En effet, ils « étaient avant cela animateurs pédagogiques, inspecteurs ou encore déjà conseillers pédagogiques dans le réseau libre catholique en Communauté française de Belgique » (Boucenna, 2015, p. 3). Dans l’enseignement fondamental, ils peuvent aussi, être « des instituteurs qui ont parfois assumé une fonction de direction, qui ont développé une

expérience de formateur d’enseignants et qui sont souvent recrutés parce qu’ils ont été distingués pour la qualité de leurs prestations pédagogiques ou de pilotage » (Boucenna, 2015, p. 3).

Comme le contexte belge est « structuré en réseau, les conseillers pédagogiques vivent des réalités différentes, colorées par la manière dont chaque réseau s’approprie les textes légaux et met en œuvre ses politiques de pilotage » (Boucenna, 2015, p. 3). En effet, tout en variant dans l’ordre d’un conseiller pédagogique du réseau subventionné libre catholique à l’autre, le processus d’accompagnement observé implique les phases suivantes : « 1) “analyser la demande”, 2) “identifier et formuler des objectifs”, 3) “contractualiser”, 4) “réaliser et réguler” et enfin 5) “évaluer” » (Boucenna, 2015, p. 3).
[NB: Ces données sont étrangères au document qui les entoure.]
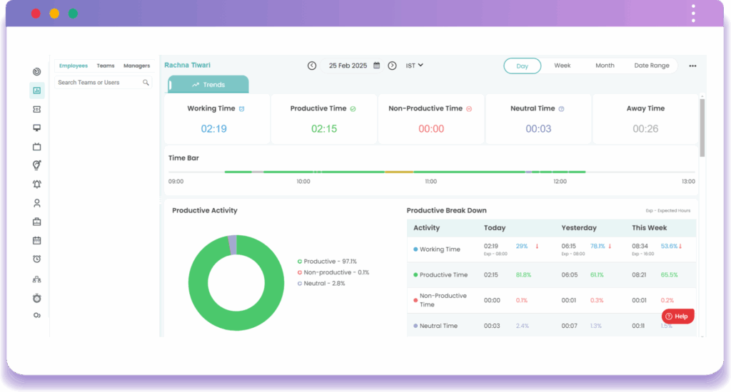 Time Champ is a powerful employee monitoring software designed for today’s remote and hybrid workplaces. It enables companies to track work hours, application usage, idle time, and productivity trends all while ensuring transparency and efficiency. Real-time insights, detailed activity reports, and customizable tracking features make it easier for managers to support their teams and improve overall performance.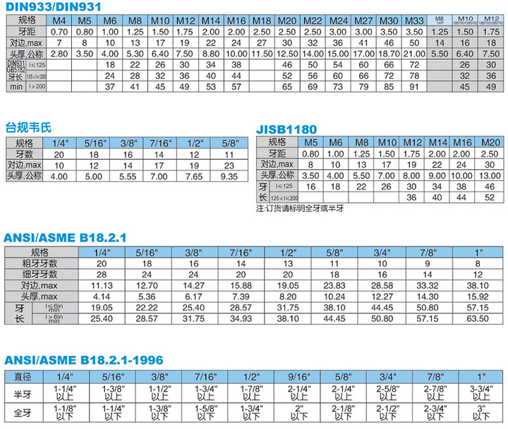 DIN933、GB5783、14P、ANSI B18.2.1、JISB 1180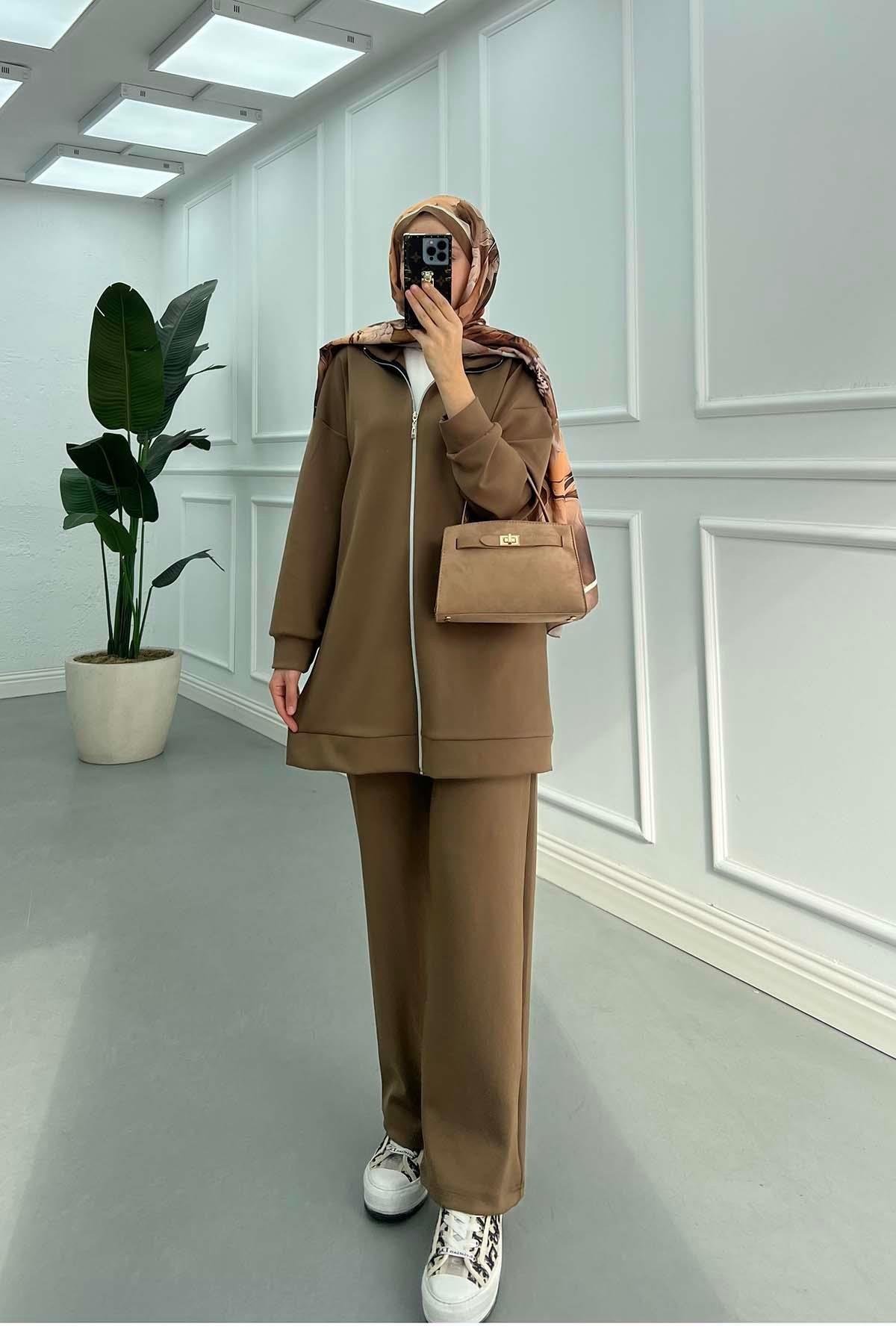 Fermuarlı Scuba Takım Kahve (PD3281C)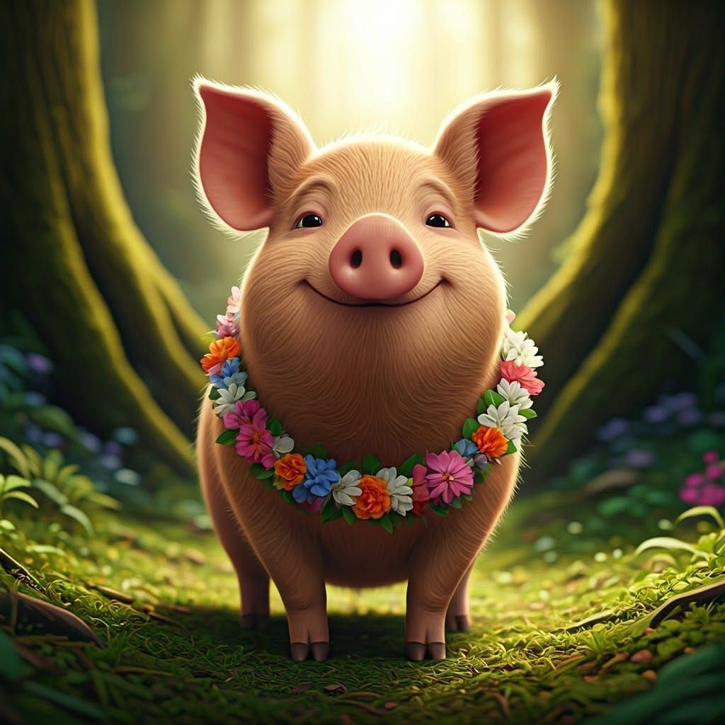 This image shows Sarah, a brown pig, in the Hundred Acre Wood. The Pixar-style character wears a floral garland and smiles, with detailed fur and volumetric lighting, in a whimsical Disney-esque scene with a radial gradient backdrop.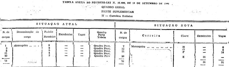 reclassificados os ocupantes de cargos de Mensageiro do Quadro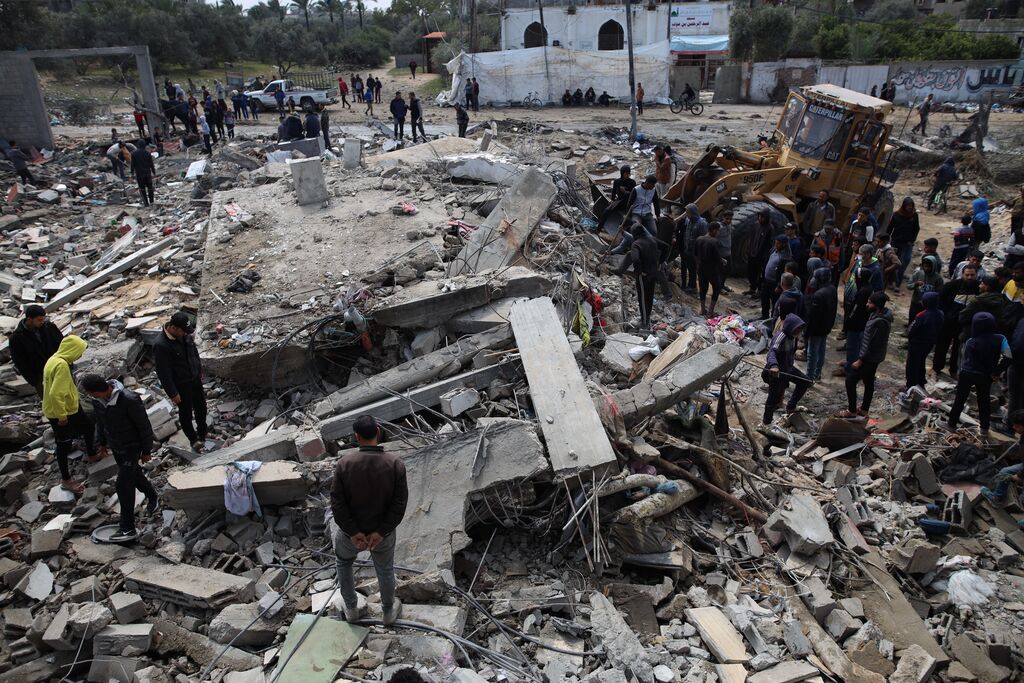 | Scène en ruine après une frappe aérienne israélienne sur le camp de réfugiés de Nuseirat dans la bande de Gaza, le 19 mars 2024. |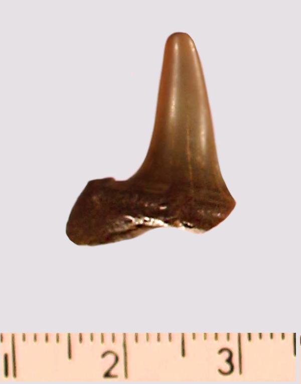 Зуб. Акула. Scapanorhynchus gigas Woodward, 1889. Классификация: Хордовые Chordata, Позвоночные Vertebrata, Хрящевые рыбы Chondrichthyes, Пластиножаберные Elasmobranchii
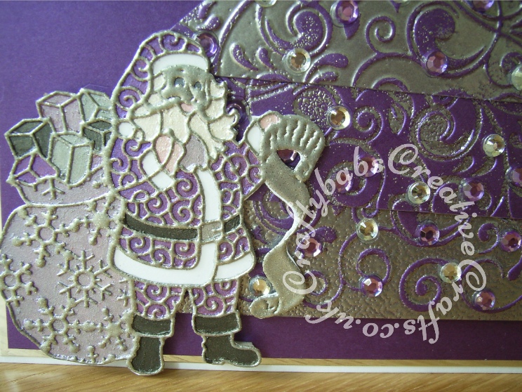 Card Made using The Tattered Lace Santa (D487) die cut from white card the heat embossed with silver embossing powder, backed with white card and then painted with pearlescent watercolour paints. Tree made using Holly Flourish (EF008) embossing folder set and heat embossed with versamark ink and silver embossing powder, then cut into tree parts and assembled. Sentiment cut using The Tattered Lace Let It Snow (D447) die
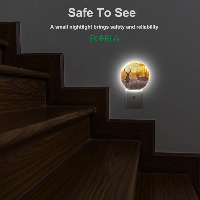 EKOBLA Deer Night Lights Plug into Wall Deer Elk Animals River Creek Autumn Woods Night Light with Dusk to Dawn Sensor LED Lamp for Men Women Boys Girls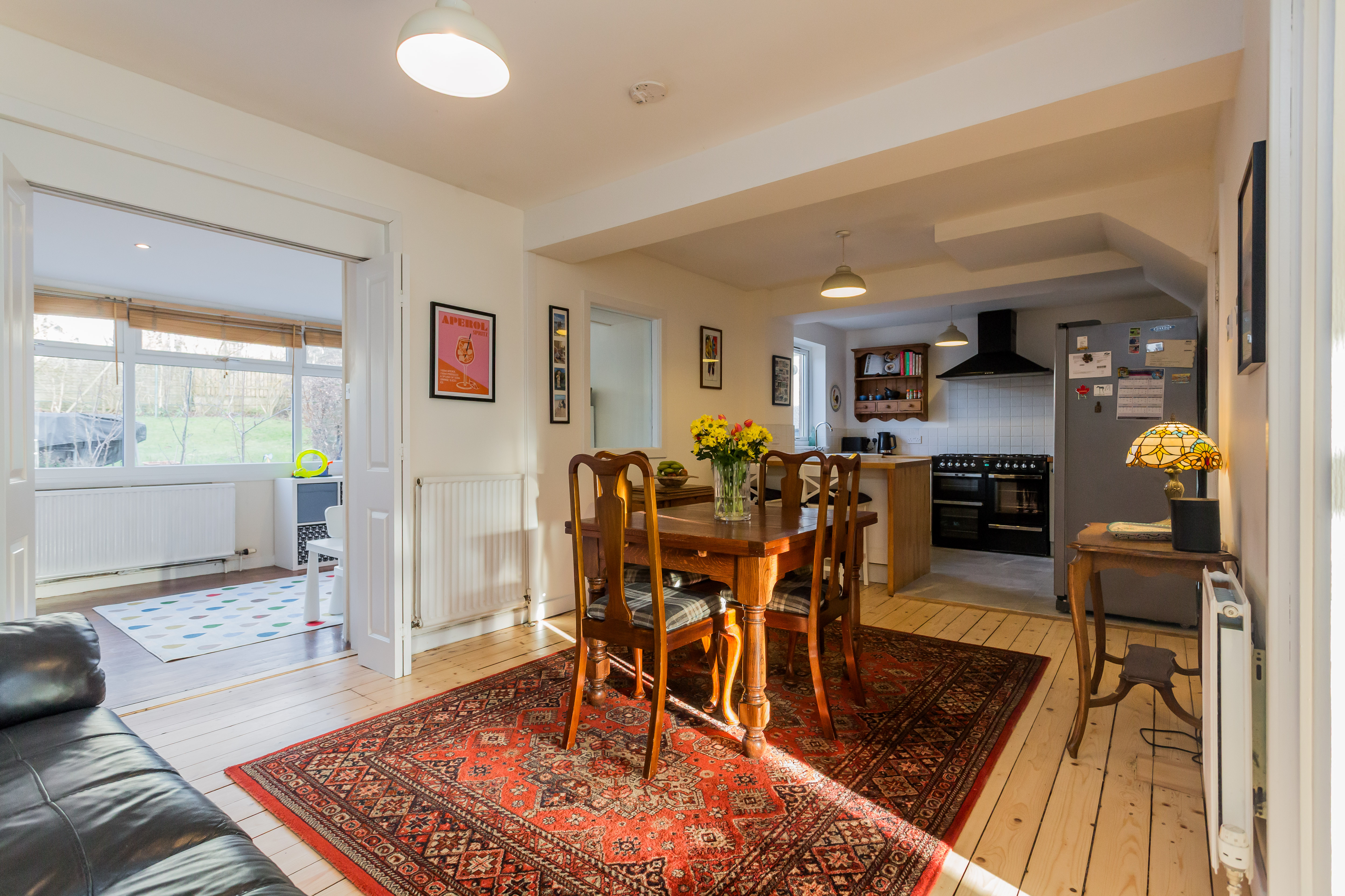 There is an entrance hallway that greets you as you come into the house via the front porch. The house has been extended to the side and so there is a handy area for hanging coats immediately on your right as you come in. The principle lounge is on the left and has a bay window to the front and an open fire for cosy autumn evenings. One of the most impressive spaces in the house is the open plan kitchen diner. The kitchen has been extended to the side so it creates a superb space to cook, socialise and entertain. With doors leading to the lounge and the garden room at the rear, it allows all the living spaces to flow effortlessly. The kitchen has a breakfast bar and appliances including a range cooker and twin, Belfast style sink. The extension has also created a useful pantry/ utility cupboard. The garden room offers a further flexible public space with views to the rear of the house and a stable door leading out. Completing the ground floor is a handy shower room.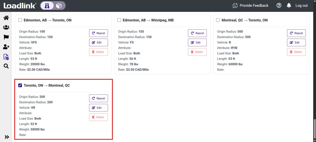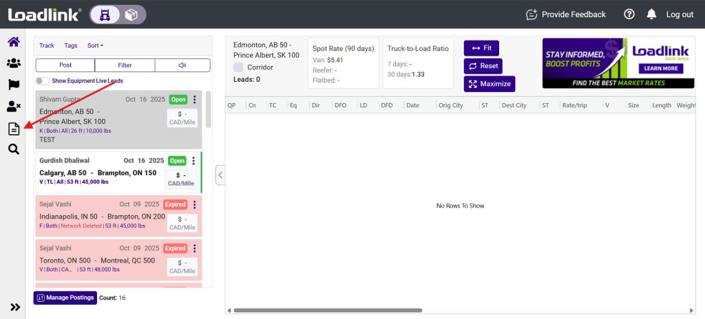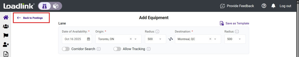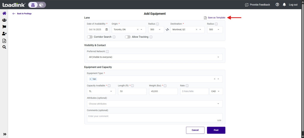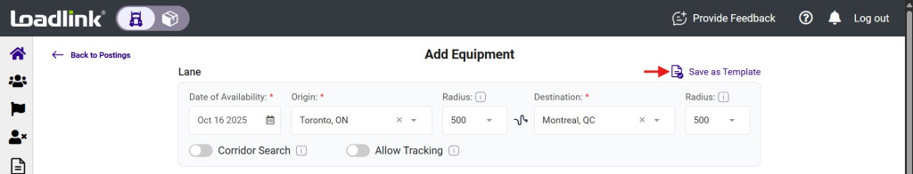 Home / Carrier Load Board / Save a Truck Posting TemplateSave a Truck Posting Template To create a truck posting template, navigate to the lefthand side and select Post. 2. After clicking, you’ll be directed to the posting menu. Proceed to fill your equipment details. 3. After filling in your details, navigate to the top-right corner and select Save as Template. 4. Once clicked, the checkmark indicates that the template has been saved successfully. 5. To view your truck posting templates, select Back to Postings to return to the Load board. 6. Navigate to the Templates symbol on the lefthand side. This is where all of your created truck posting templates will be stored. Back to Carrier Guides →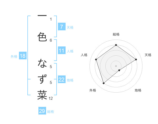 一色 なず菜さんを姓名の画数から五運を鑑定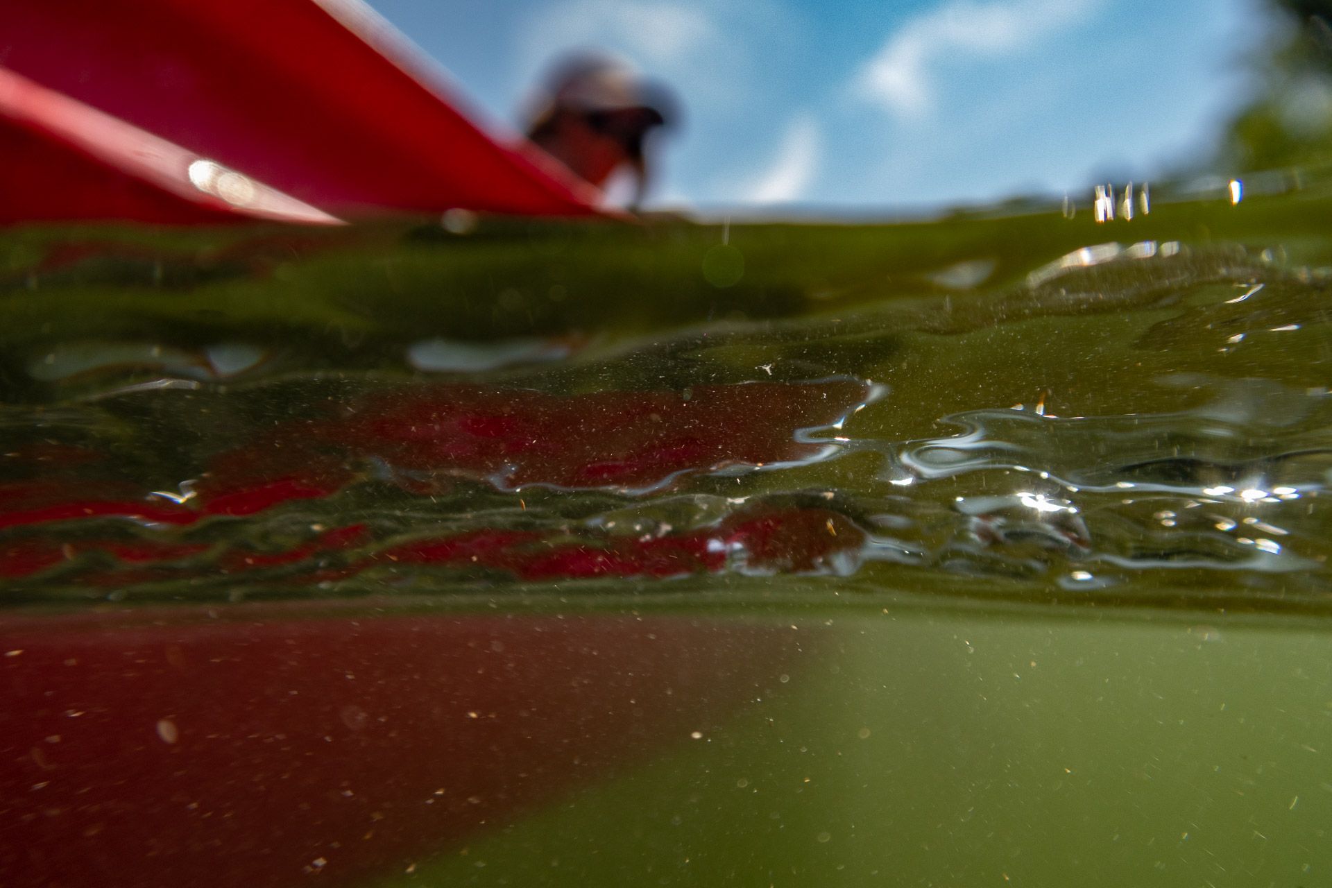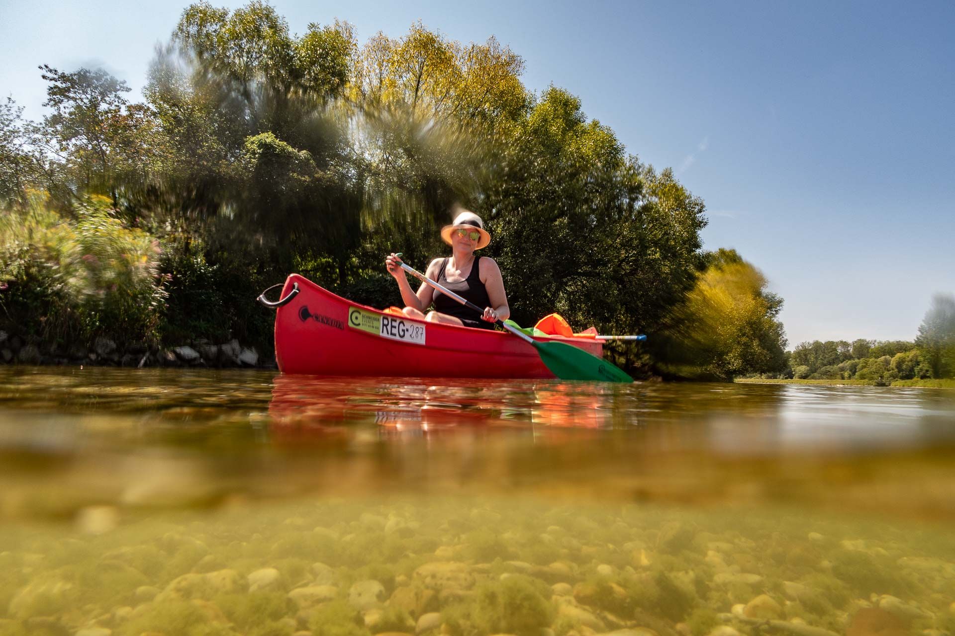 Der Empfehlung die Isar mittig zu befahren sind wir gerne nachgekommen. Der Fluß hat eine außergewöhnliche Ruhe. Keine fünf Minuten nach ablegen tauchst Du ein in die absolute Ruhe – der Alltag ist sofort Vergangenheit. Du bist gefangen von der Schönheit auf der Isar entlang des Naturparkzentrums Isar-Auen. Treiben lassen ist hier die Devise; die Isar übernimmt eigentlich immer das Tempo. Lediglich kleine Richtungskorrekturen erleichtern dem Fotografen die Arbeit. Der Fluss ist ziemlich klar und so konnte ich dank des wasserdichten Gehäuses auch das eine oder andere Unterwasser-Foto schiessen.
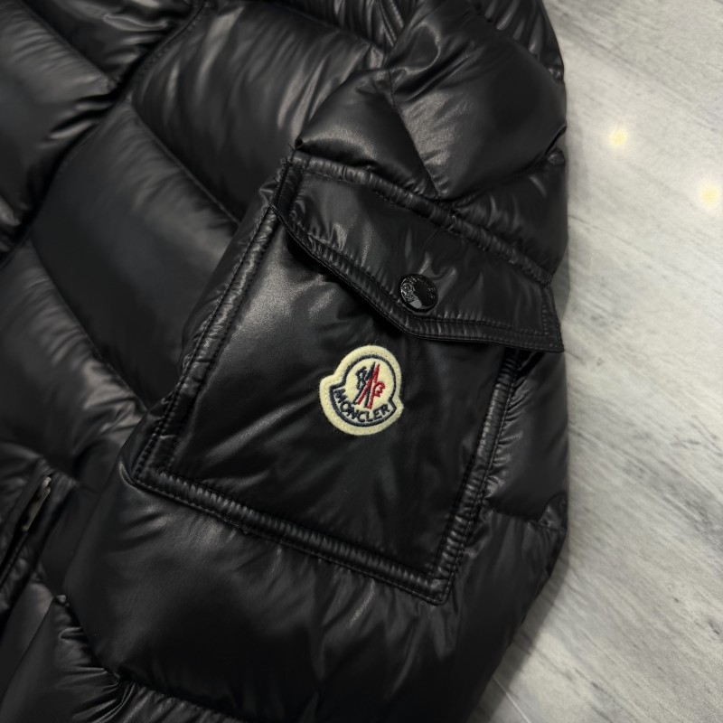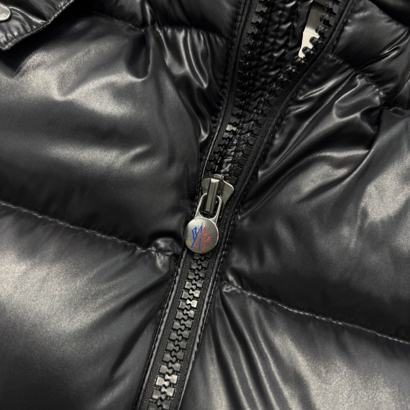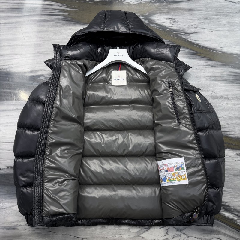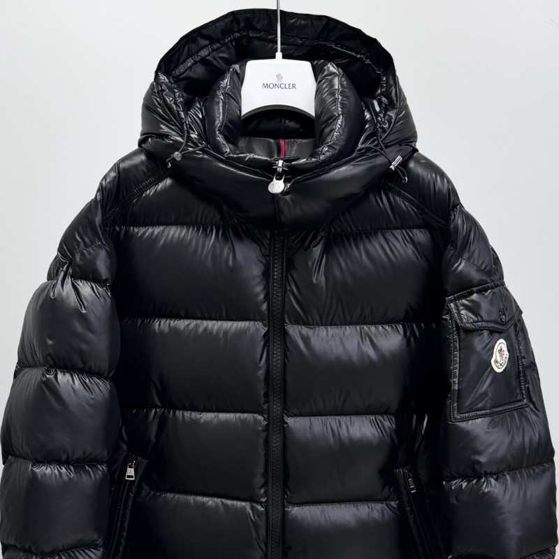 M0ncler Maya Series Solid Color Patent Leather High-Neck Hooded Down Jacket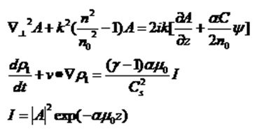 本例介紹了模擬激光在大氣中傳輸時熱暈效應對應的bloom命令的使用。描述熱暈的基本方程包括波動方程和流體力學方程。首先由Maxwell方程得到激光波動方程,再結合流體力學中的三個守恒定律——質量守恒定律、動量守恒定律、能量守恒定律得到描述熱暈效應的方程。對于理想氣體,在等壓近似下得到: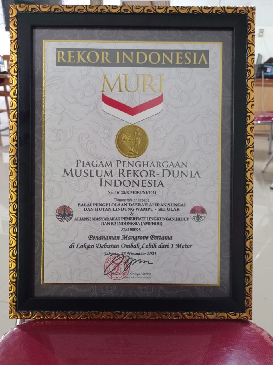 Tepatnya di Mall Of Indonesia (MOI) Kelapa Gading Jakarta Utara, Museum Rekor Dunia-Indonesia kembali mencatat sejarah Karya anak bangsa dalam tajuk “Penanaman Mangrove Pertama di Laut Dengan Jarak 100 Meter Lebih Dari Bibir Pantai “.

Aux États-Unis et au Canada, les conseillers pédagogiques sont en général des enseignants expérimentés qui ont reçu une formation pour soutenir l’apprentissage des adultes et aider l’équipe de direction à favoriser l’atteinte des objectifs tracés (Killion et Harrison, 2005). Ils peuvent être dégagés partiellement ou totalement de leur tâche d’enseignement (Lynch et Ferguson, 2010). Dans ces deux pays, des programmes de thèmes variés qui visent l’accompagnement des enseignants par le conseiller pédagogique dans le contexte de l’école ont étés élaborés (Cornett et Knight, 2009). Ces programmes ont tous pour objectif l’amélioration des pratiques d’enseignement, ils sont ancrés dans la pratique quotidienne des enseignants, ils ont un caractère durable où le conseiller pédagogique n’exerce aucune fonction d’évaluation auprès de l’enseignant ni n’a une relation hiérarchique avec lui (Cornett et Knight, 2009).

Les particularités de ces programmes touchent surtout le processus d’accompagnement, en voici trois exemples. D’abord, Stover, Kissel, Haag et Shoniker (2011) rapportent un processus d’accompagnement en deux phases : la démonstration et l’observation de pratiques qui se font à tour de rôle entre le conseiller pédagogique et l’enseignant et ensuite la réflexion en utilisant différentes données relevées auprès des élèves. Coburn et Woulfin (2012) et Scott, Cortina et Carlisle (2012) présentent l’accompagnement à la littératie dans le cadre du programme Reading First sous forme de rencontres hebdomadaires avec les équipes-cycles, de rencontres individuelles d’accompagnement, de l’animation de groupes de lecture et de l’accompagnement en classe. Cet accompagnement implique le coenseignement, la

modélisation et l’observation des enseignants. Dans ce processus d’accompagnement, le conseiller pédagogique et les enseignants utilisent souvent un questionnaire comme outil d’évaluation de la littératie des élèves sur lequel ils se basent pour planifier et ajuster les pratiques. Enfin, Teemant, Wink et Tyra (2011) relatent un processus d’accompagnement où les conseillers pédagogiques arrivent d’abord à un consensus avec les enseignants, organisent ensuite des entrevues individuelles avec chaque enseignant pour ensuite observer la pratique en classe et enfin entament une discussion de réflexion et d’analyse de la performance de l’enseignant.

En résumé, les caractéristiques individuelles du conseiller pédagogique et son processus d’accompagnement varient d’un contexte à l’autre. Tous les exemples présentés convergent vers l’attribution d’un rôle central, au conseiller pédagogique, dans le soutien du développement professionnel de l’enseignant. Des recherches ont montré, en effet, son apport dans le changement de conceptions et de pratiques des enseignants et, par conséquent, dans l’amélioration des résultats des élèves.